Omdat dit zou kunnen leiden tot onrechtvaardige uitkomsten, kan de bestuursrechter in geval van ‘bijzondere omstandigheden’ afwijken van het puntensysteem. Uit de jurisprudentie van de Hoge Raad volgt dat sprake is van bijzondere omstandigheden indien i) het bestuursorgaan het verwijt treft dat het een beschikking of uitspraak geeft respectievelijk doet of in rechte handhaaft, terwijl op dat moment duidelijk is dat die beschikking of uitspraak in een daartegen ingestelde procedure geen stand zal houden, of ii) wanneer het bestuursorgaan in vergaande mate onzorgvuldig heeft gehandeld. Uit de boetejurisprudentie blijkt dat in boeteprocedures sprake kan zijn van dergelijke omstandigheden wanneer de inspecteur een boete oplegt en handhaaft zonder dat sprake is van overtuigend bewijs voor opzet en/of grove schuld. In geval van een deelnemersboete kan ook het feit dat een boete is opgelegd zonder dat is voldaan aan het toestemmingsvereiste leiden tot de conclusie dat sprake is van bijzondere omstandigheden. In dergelijke gevallen kan de bestuursrechter dus afwijken van het puntensysteem door de toe te kennen proceskostenvergoeding te verlagen of te verhogen, ‘overigens zonder af te doen aan het karakter van een tegemoetkoming in de daadwerkelijke kosten’, aldus de parlementaire geschiedenis. Dat biedt ruimte voor een integrale proceskostenvergoeding gebaseerd op de facturen van de rechtsbijstandsverlener. In een recente (fiscale) uitspraak van rechtbank Noord-Holland kwam de bestuursrechter via die route tot een proceskostenvergoeding van ruim € 80.000.

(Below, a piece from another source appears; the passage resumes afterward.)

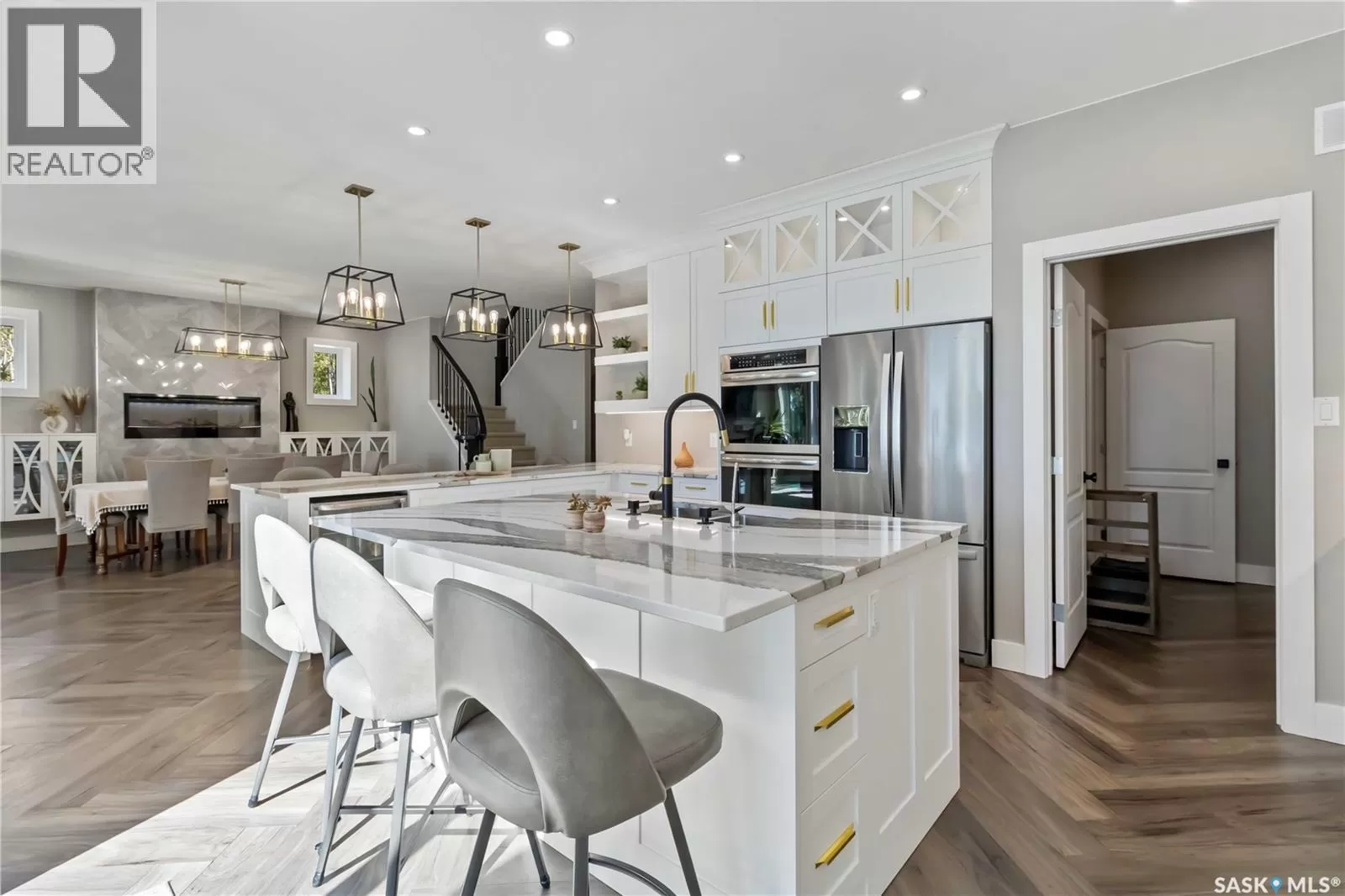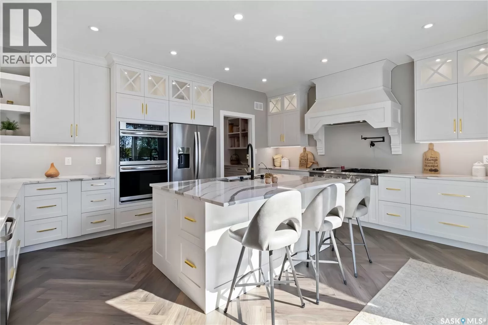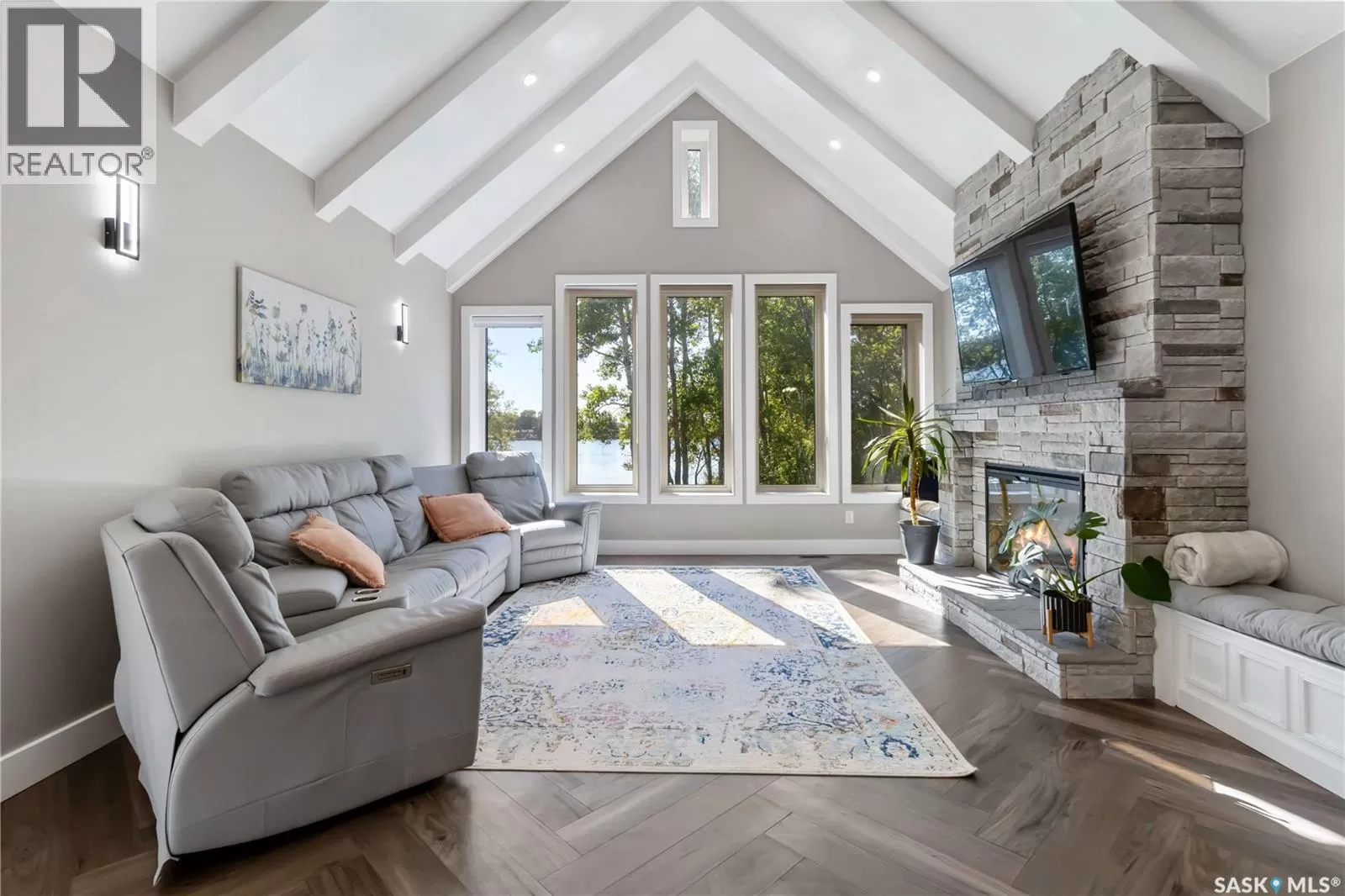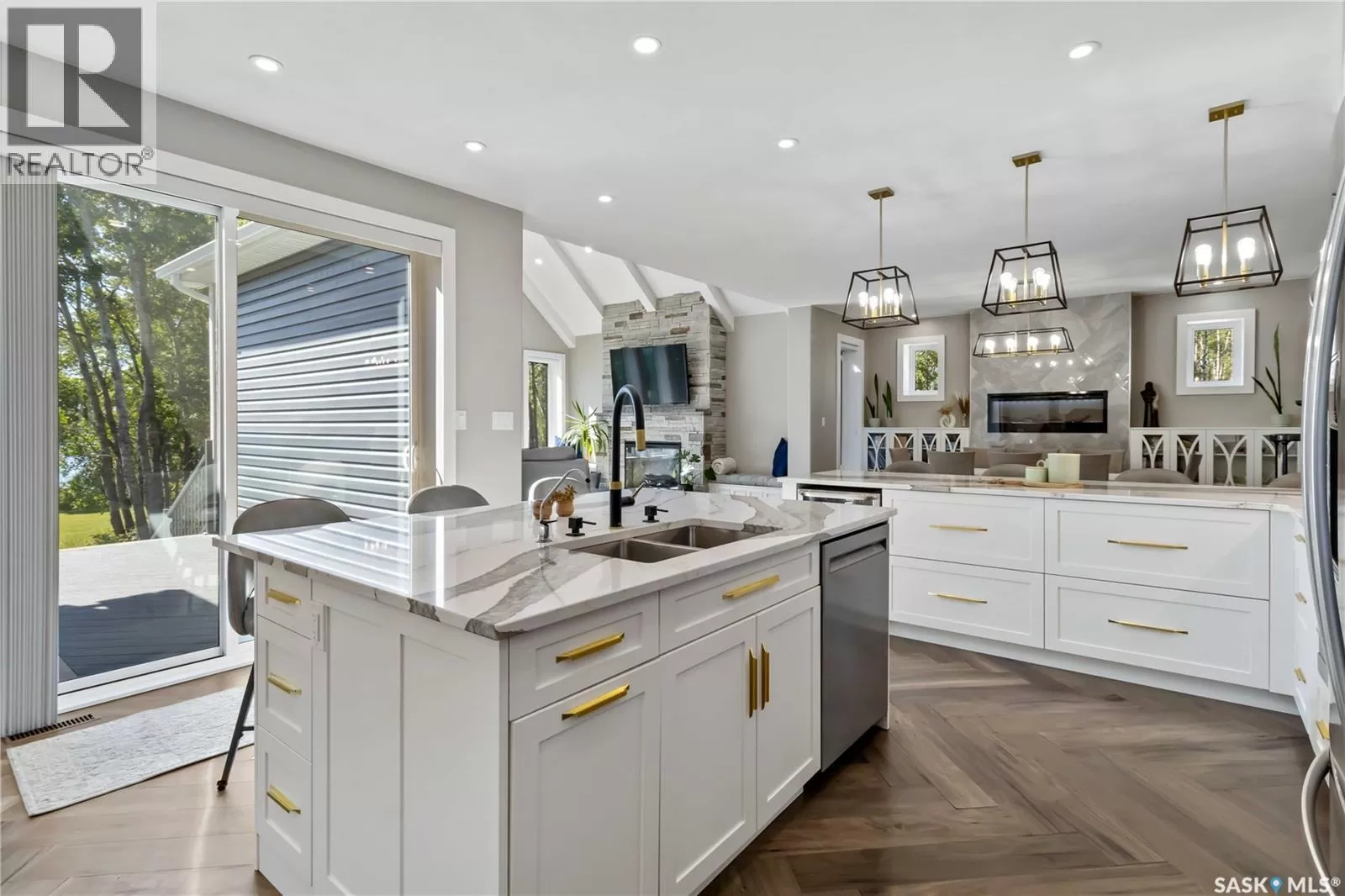 North Shore of Little Loon Lake Your private sanctuary awaits on the shores of Little Loon Lake. This four-season, waterfront haven, on 5.05 acres and built in 2022, offers peaceful tranquility and upscale comfort, making it perfect for multi-generational living, corporate retreats, or a luxurious city escape. Step inside this stunning home and indulge in the high-end finishes and open-concept design. The gourmet kitchen features a quartz island and a walk-in butlerâs pantry. The living room boasts a vaulted ceiling, a magnificent stone fireplace, and expansive windows with breathtaking views of nature and diverse wildlife. The remainder of the home features five bedrooms, four bathrooms, a dedicated gym and office, ample space for living and entertaining family and guests, and a spacious mudroom. Beyond the walls, the property offers endless opportunities for year-round recreation. Little Loon Lake is an outdoor enthusiast's paradise offering boating, fishing, and water sports in summer. In winter, the lake becomes a playground for ice fishing, skating, and snowmobiling. The property itself boasts a private sand beach ideal for sunbathing or docking your boat. Just a stone's throw away, Little Loon Regional Park offers amenities including a 9-hole golf course, a restaurant, campground, and mini golf. Just 5 minutes away, Glaslyn offers essential services including a grocery store, gas station, bank, and K-12 school. It's also centrally located to major cities: Edmonton (under 4 hrs), Saskatoon (2 hrs), North Battleford (under 1 hr), and Prince Albert (under 2 hrs). This property provides an exclusive retreat feel reminiscent of popular resort areas like Turtle Lake, Jackfish Lake, Emma Lake, and Waskesiu, but without the congestion. Combining the prestige of a custom-built home, unparalleled craftsmanship, and a prime location with the idyllic lifestyle of lakeside living, this turnkey property is truly a rare find. Contact an Agent for a private showing and discover your new lakefront haven. (id:27476)
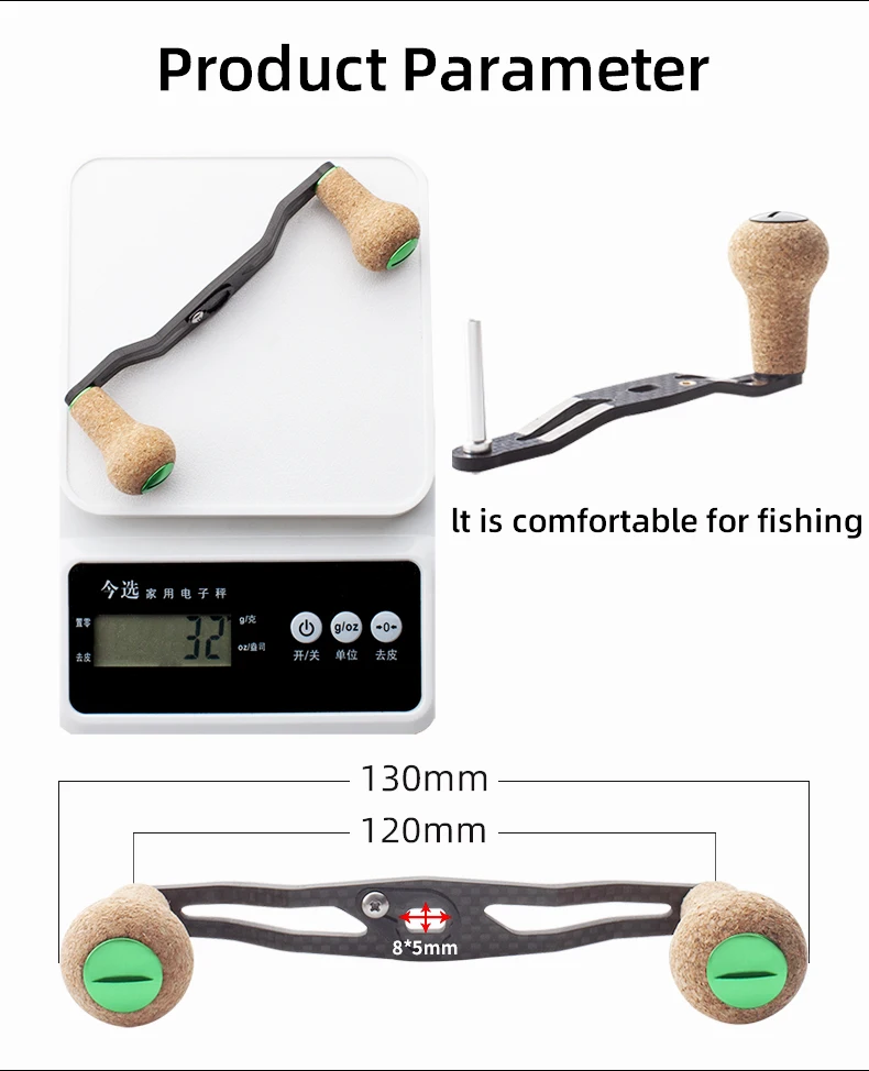Ruke-mango de carrete de pesca de fibra de carbono con orificio de perilla de corcho de goma, 8x5, para tipo A/D, longitud de 130mm, accesorio basculante, 1 ud.

Toch zien wij integrale proceskostenvergoedingen nauwelijks voorbij komen in boeteprocedures waarin de rechter de boete uiteindelijk vernietigt. De drempel dat sprake is van bijzondere omstandigheden wordt lang niet altijd wordt gehaald. En áls de bestuursrechter al concludeert dat sprake is van bijzondere omstandigheden, dan nog neemt hij de facturen van de rechtsbijstandsverlener zelden als uitgangspunt bij het bepalen van de hoogte van de proceskostenvergoeding. Dat lijkt ons onterecht gelet op artikel 6 EVRM en het daarmee verbonden recht op een vrije advocatenkeuze, dat niet alleen in het strafrecht maar ook in boeteprocedures scherp op de voorgrond zou moeten staan. Wij concluderen daarom dat het boeterecht de kinderschoenen misschien mag zijn ontgroeid. Maar wij achten het boeterecht nauwelijks volwassen zolang de proceskostenvergoeding in boeteprocedures op gespannen voet blijft staan met artikel 6 EVRM.